Video Clone¶

Video Clone keeps one digital-human avatar as the source and uses a camera or uploaded video as the driving input. The driving input controls expression, head motion, and mouth motion on the source avatar.

It does not enter the LLM / STT / TTS conversation path and does not reuse the Realtime Conversation speak queue. The main v1 flow is live camera driving; uploaded driving video is available for testing a recorded selfie video.

Video Clone page: source, clone output, and driving controls.

Video Clone page: source avatar on the left, clone output in the center, and camera or driving-video controls on the right.

Prerequisites¶

Video Clone depends on the FasterLivePortrait runtime. Start OmniRT according to the FasterLivePortrait guide, then confirm OpenTalking can see the video-clone status.

Common check:

curl -s http://127.0.0.1:8000/video-clone/status | python3 -m json.tool

If the status is disconnected, check the OmniRT endpoint, FasterLivePortrait source dependency, and model weight paths.

Source and Driving¶

Two concepts matter:

source: the digital-human avatar shown in the final output. It comes from the OpenTalking avatar library or from an uploaded source image.
driving: the face input that provides expression, head motion, and mouth motion. It can come from a camera or uploaded driving video.

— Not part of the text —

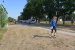 Was den Untergrund betraf, hatte die Strecke alles zu bieten und verdiente zweifelsohne das Prädikat „Cross“. Betonplatten führten über die erste Anhöhe, bevor eine Gabelung die Kurzstrecke über drei Kilometer bald von der Sechs-Kilometer-Distanz trennte. Auf weichen Waldwegen musste man lediglich den zahlreichen Kienäpfeln ausweichen. Ganz nach dem Geschmack für Barfußläufer, wechselten sich holprige Stoppelwiesen mit tiefen Sandwegen ab, bevor auch schon wieder eine weitere Anhöhe zu erklimmen war. Ehe es aus dem Wald hinaus auf eine Lichtung ging, versorgte ein Verpflegungsstand mit Getränken. Der Hinweis, die leeren Becher wieder in die bereitgestellten Abfallbehälter zu werfen, brachte manchen Läufer aus dem Tritt, denn oft verfehlte die Arm-Motorik das enge Ziel. Das muss vor den nächsten Wettkämpfen unbedingt geübt und weiter verinnerlicht werden! Die große Lichtung erlaubte eine Ausschau auf das Renngeschehen, machte Abstände sichtbar und offerierte eine weitere Anhöhe, die zu bewältigen war. Aber es ging dann auch mal bergab, bevor ein Streckenposten bei Kilometer 5,3 die letzte Steigung ankündigte. Die geschafft, ging es für alle Sechs-Kilometer-Läufer rasant bergab in das wohlverdiente Ziel.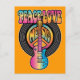 Design de texto retrô de amor pela paz e música com símbolo de paz/gravação de vinil e guitarra.

The camera user does not become the digital-human identity. The camera only provides the motion signal; the output remains the selected source avatar.

Page Layout¶

Left Source¶

Use the left column to fix the source avatar:

Click an existing avatar to switch the source.
Click Upload Source Image to upload a local image as a new source.
After upload, OpenTalking adds the image to the avatar library and selects it.

Use a clear frontal or half-body image. Avoid heavy occlusion, extreme side faces, or very dark images.

Center Output¶

The center column shows clone output. The top controls include:

“Record output”: record the current output and save it to the exported video asset library.
“Change avatar”: return to source selection.
Status button: shows stopped, connecting, or running state.

The bottom status shows sent frames, received frames, dropped frames, and latency.

Right Driving¶

The right column configures driving input:

“Camera”: select the local camera.
“FPS”: frontend frame sampling rate.
“Resolution”: frame size sent to the runtime.
“Mirror preview”: mirrors camera preview and sent frames for selfie use.
“Upload driving video”: loop a local video as the driving input.

If the browser cannot open the camera, upload a driving video first to validate the backend service.

Steps¶

Start the FasterLivePortrait OmniRT runtime.
Start OpenTalking and open WebUI.
Switch the top navigation to “Video Clone”.
Select a source avatar on the left, or upload a new source image.
Select a camera on the right, or upload a driving video.
Adjust FPS, resolution, animation region, and mouth controls as needed.
Click Start.
Inspect the center output; click Record Output when you need to save it.
Click Stop or switch workflows to release camera tracks, WebSocket, and the current clone session.

Parameter Tips¶

Pasteback¶

Keep it enabled by default. Pasteback preserves the original source composition and avoids showing only a zoomed face.

Crop Driving Face¶

Keep it disabled by default. Over-cropping uploaded driving video can make mouth shape and head position feel unnatural. Enable it only when the driving face is too small or face detection is unstable.

Animation Region¶

“Full expression”: full head motion and expression demo.
“Expression”: expression-focused motion.
“Pose”: head-pose-focused motion.
“Mouth”: lip-only checks.
“Eyes”: blink and eye-motion checks.

Mouth Controls¶

Mouth opening increases or reduces mouth amplitude. Lip retargeting can improve mouth closure, but aggressive settings may collapse motion into simple vertical opening. Change one parameter at a time.

Uploaded Driving Video¶

Uploaded driving video does not change the source identity. It only provides motion input.

Common Issues¶

Camera Does Not Open¶

Open the page from localhost or 127.0.0.1, allow camera permission, and make sure the camera is not occupied by another application.

Video Clone Service Fails to Connect¶

Check /video-clone/status, confirm the FasterLivePortrait runtime is running, and verify the OpenTalking OmniRT endpoint points to the right service.

Mouth Only Opens Vertically¶

Reduce lip retargeting strength, or switch back to a fuller animation region. Mouth-only is useful for lip checks, but full demos should usually use Full Expression.

Head Is Zoomed In¶

Enable Pasteback. If the source image itself is face-heavy, use a half-body or wider-composition source image.